Laura was not much changed. The lovely woman had a devil in her heart.
That was all.


CHAPTER XIX.
Mr. Harry Brierly drew his pay as an engineer while he was living at the
City Hotel in Hawkeye. Mr. Thompson had been kind enough to say that it
didn't make any difference whether he was with the corps or not; and
although Harry protested to the Colonel daily and to Washington Hawkins
that he must go back at once to the line and superintend the lay-out with
reference to his contract, yet he did not go, but wrote instead long
letters to Philip, instructing him to keep his eye out, and to let him
know when any difficulty occurred that required his presence.

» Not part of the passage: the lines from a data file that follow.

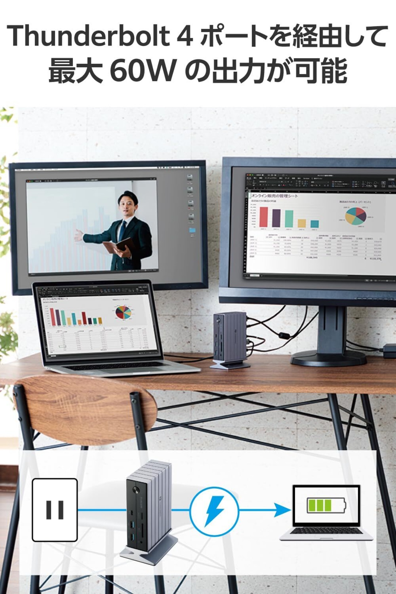 Thunderbolt 4ポート(アップストリーム)を経由して最大60Wの出力が可能。ノートパソコンへの充電が可能です。
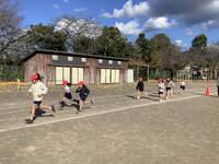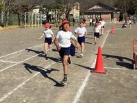 各学年の体育の時間に持久走記録会を行いました。1,2年生は3分間、3,4年生は4分間、5,6年生は5分間、運動場の周回を数えます。11月から体育や休み時間に走り、練習してきました。寒さに負けず走りきりました。
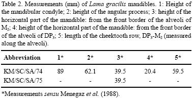 Upper permanent dentition. Various stages of wear can be observed in the four samples studied. In the cranium (KM/SC/SA/73) M1 has also almost totally erupted, whereas the M2 is in the initial stage of eruption (Figure 3a). In the fragment of the maxillary KM/SC/SA/78 a similar situation can be seen, although the M2 is located further into the alveolar cavity. Lastly, in the specimens KM/SC/SA/77 and KM/BB5/C3/SRP the M1 is in the process of eruption, as is the M2, although the latter is more contained. In the M1 the medial lobe is larger than the distal lobe. Like the deciduous premolars, the mesostyle is extended towards the lingual surface, surpassing the parastyle and the metastyle. In the specimen KM/SC/SA/77 both lobes tend to be Vshaped, although this condition is due to the slight wear of this molar as this is not observed in the rest of the material in which Ushaped lobes predominates; this feature is comparable to that observed in a fragment of a left maxillary (MLP. 9. 473) referable to the Lama gracilis from the Vitel Lagoon (Pampean Formation), Argentina. In the M1 of the KM/SC/ SA/77, the trigon fossa is narrow and curved, unlike the talon fossa, which does not show such a sharp convexity. In the same way, the protocone shows a greater labiallingual length than the hypocone. In the rest of the M1 these differences cannot be seen as both the fossas and the cones are very similar. On the other hand, all the M2 studied are in the process of eruption and significant differences between them are not present.
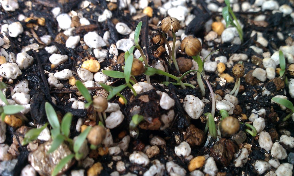 コリアンダーは帽子を被ったまま芽吹いています♪
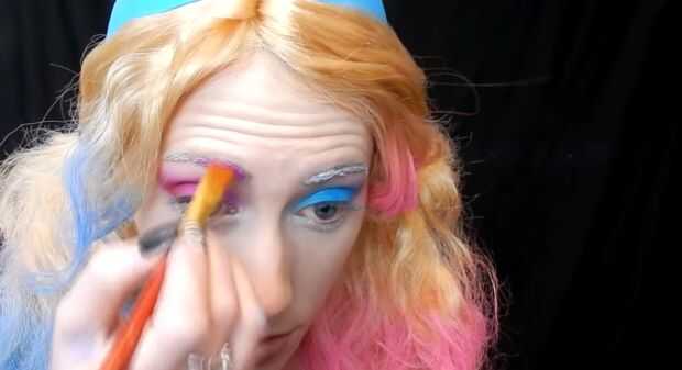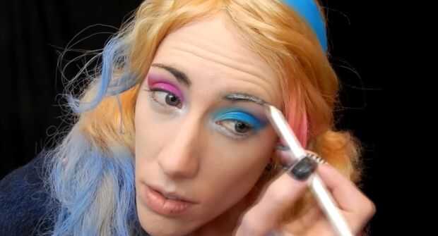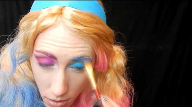 Primero preparado mis cejas con un lápiz de ojos blanco, luego usé el mismo azules y rosas en mis cejas. color cerca del frente oscuro cerca de la parte posterior de la luz. Yo también de la droga algunos del color bajo mis ojos y mi nariz.
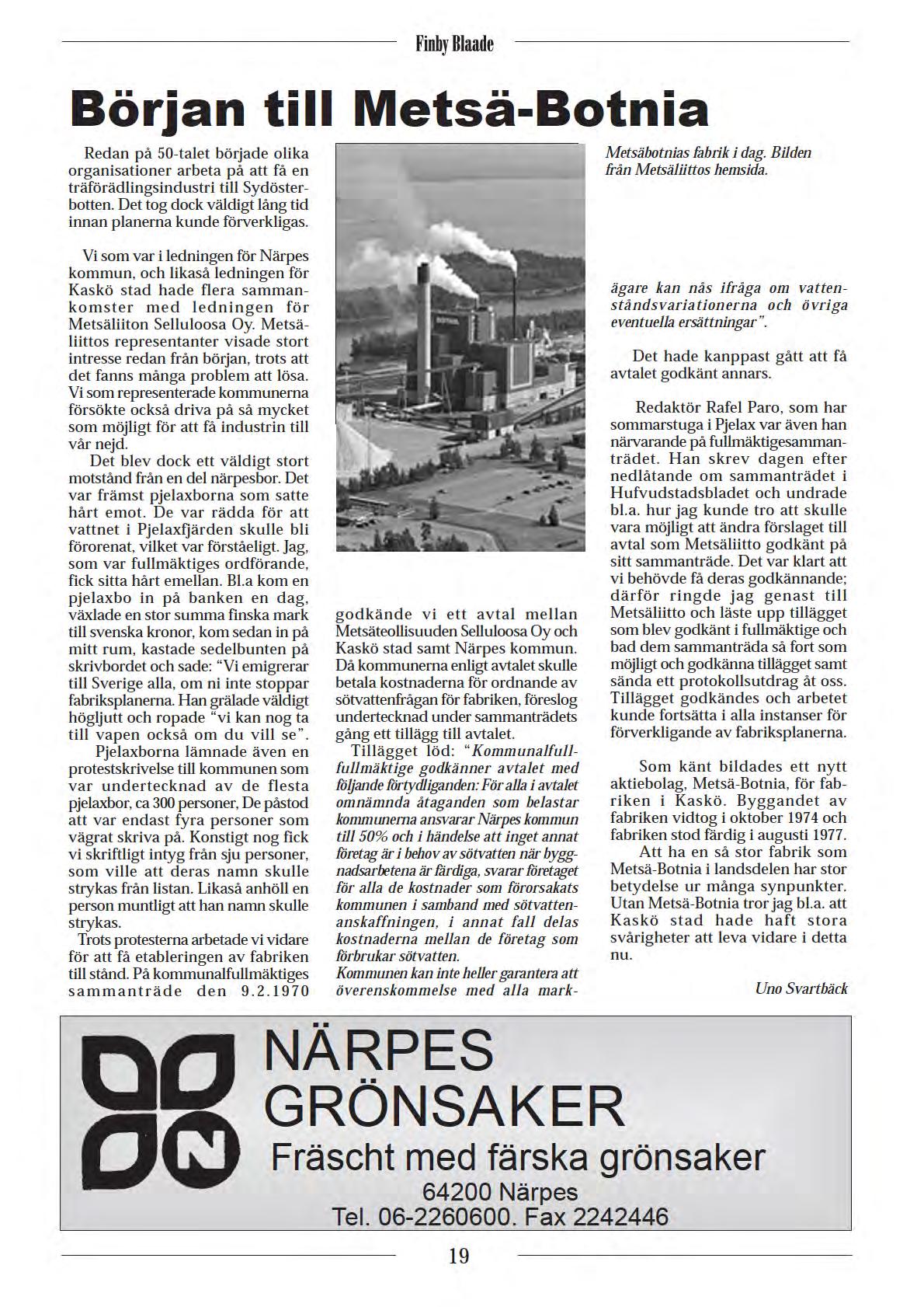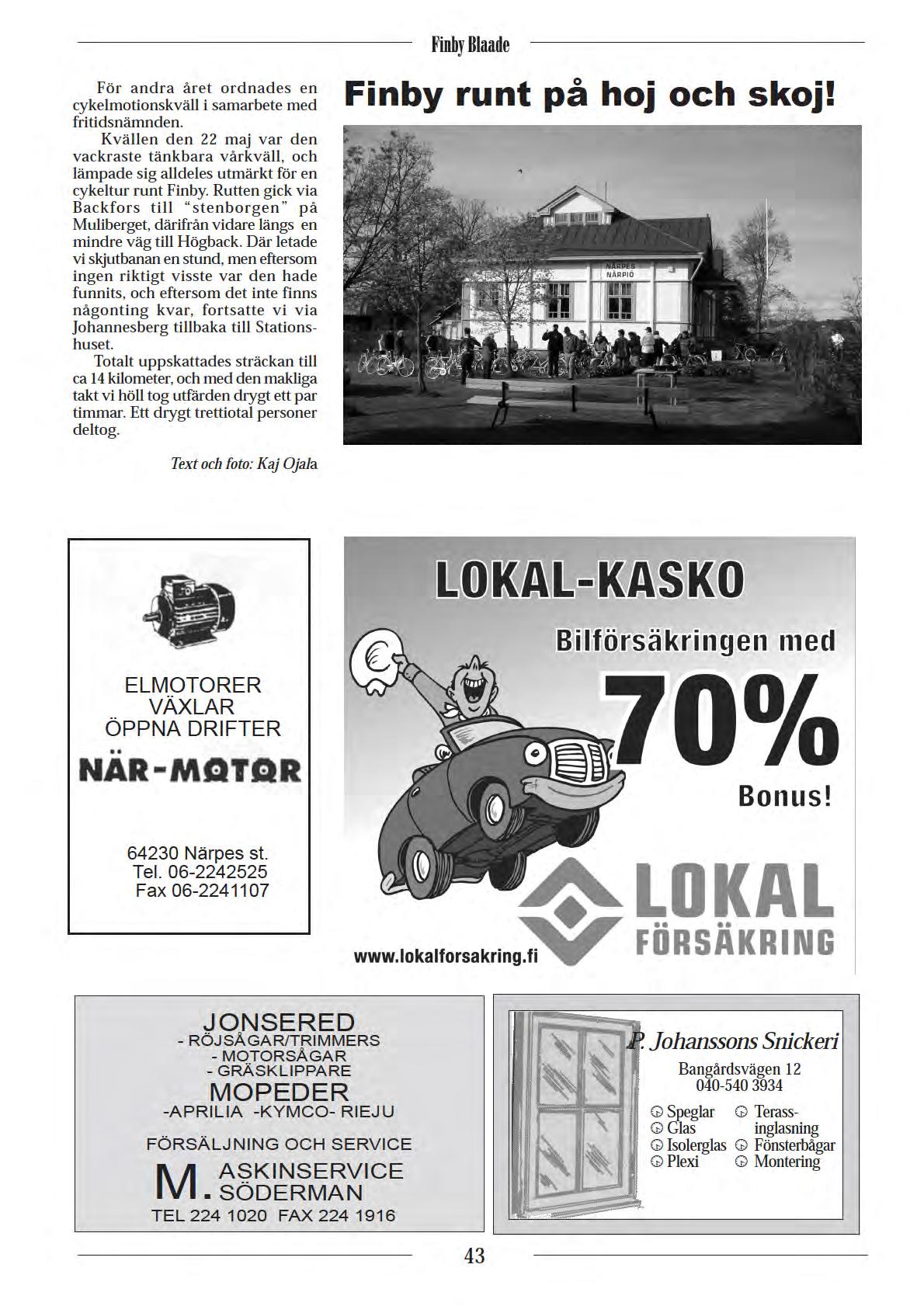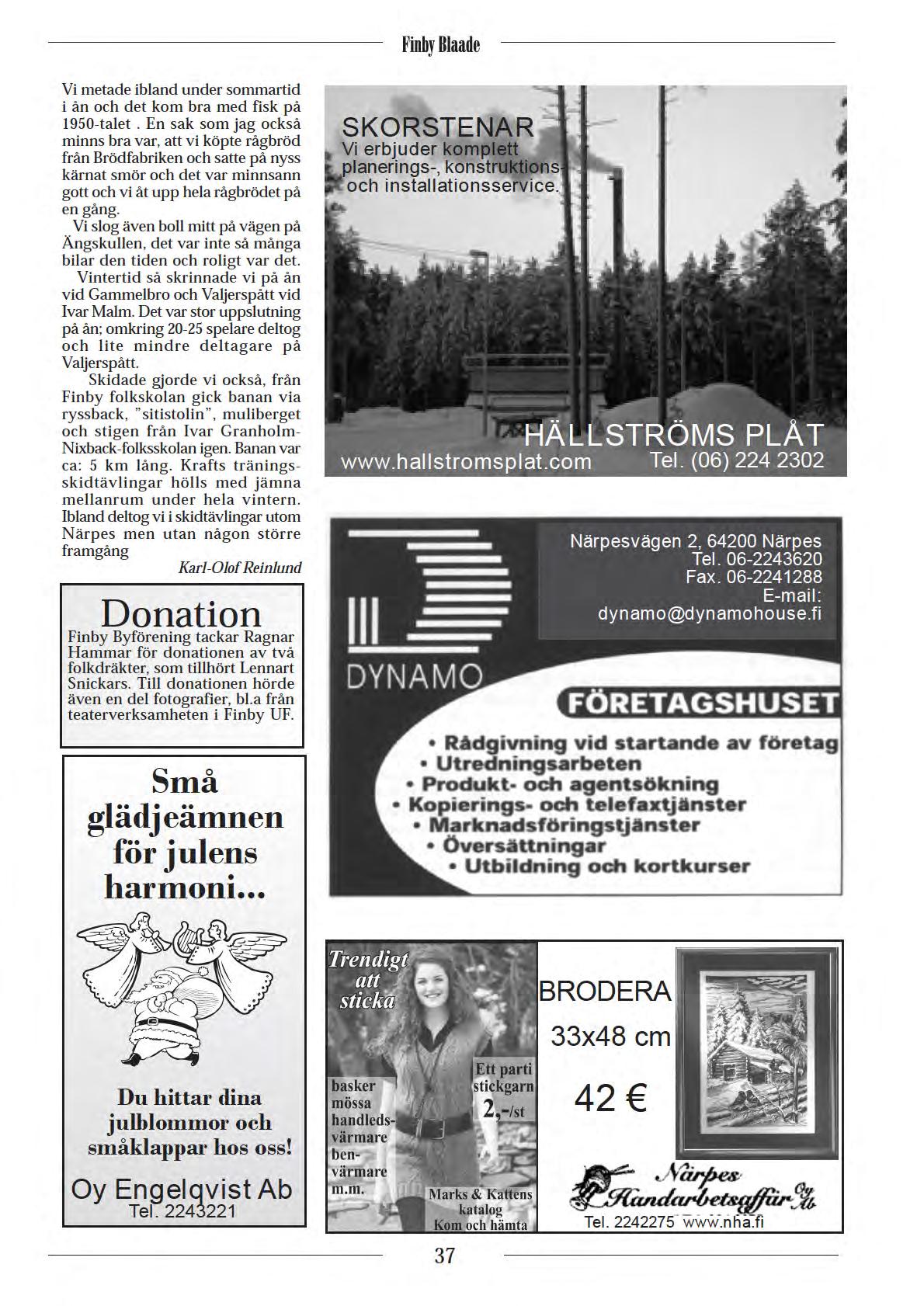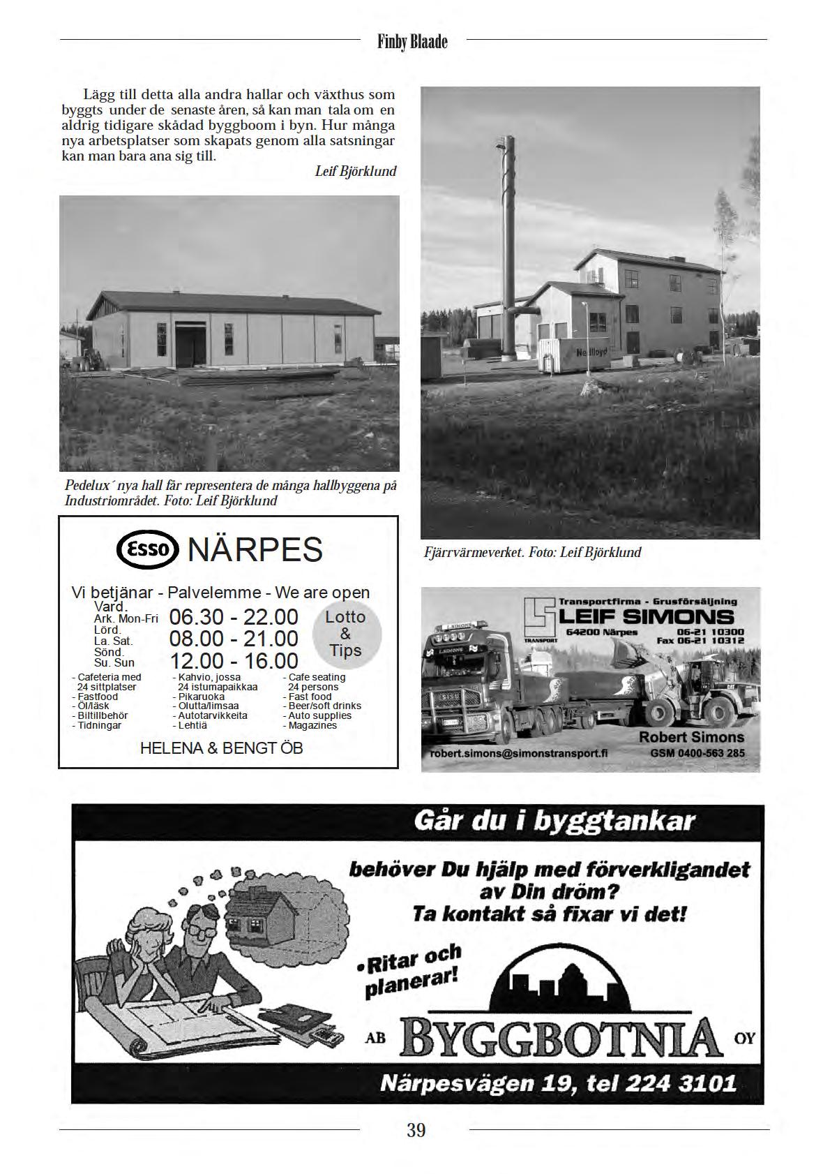 Ett omfattande arbete sattes ner på byhhistoriken Finbyboken - en by i Närpes. Den blev på hela 616 sidor utkom 16.12 1989 i 1.200 ex. FinbyBlaadeharsedanstarten1985årligen tryckts i en upplaga om 500-600 exemplar

Meantime Harry blossomed out in the society of Hawkeye, as he did in any
society where fortune cast him and he had the slightest opportunity to
expand. Indeed the talents of a rich and accomplished young fellow like
Harry were not likely to go unappreciated in such a place. A land
operator, engaged in vast speculations, a favorite in the select circles
of New York, in correspondence with brokers and bankers, intimate with
public men at Washington, one who could play the guitar and touch the
banjo lightly, and who had an eye for a pretty girl, and knew the
language of flattery, was welcome everywhere in Hawkeye.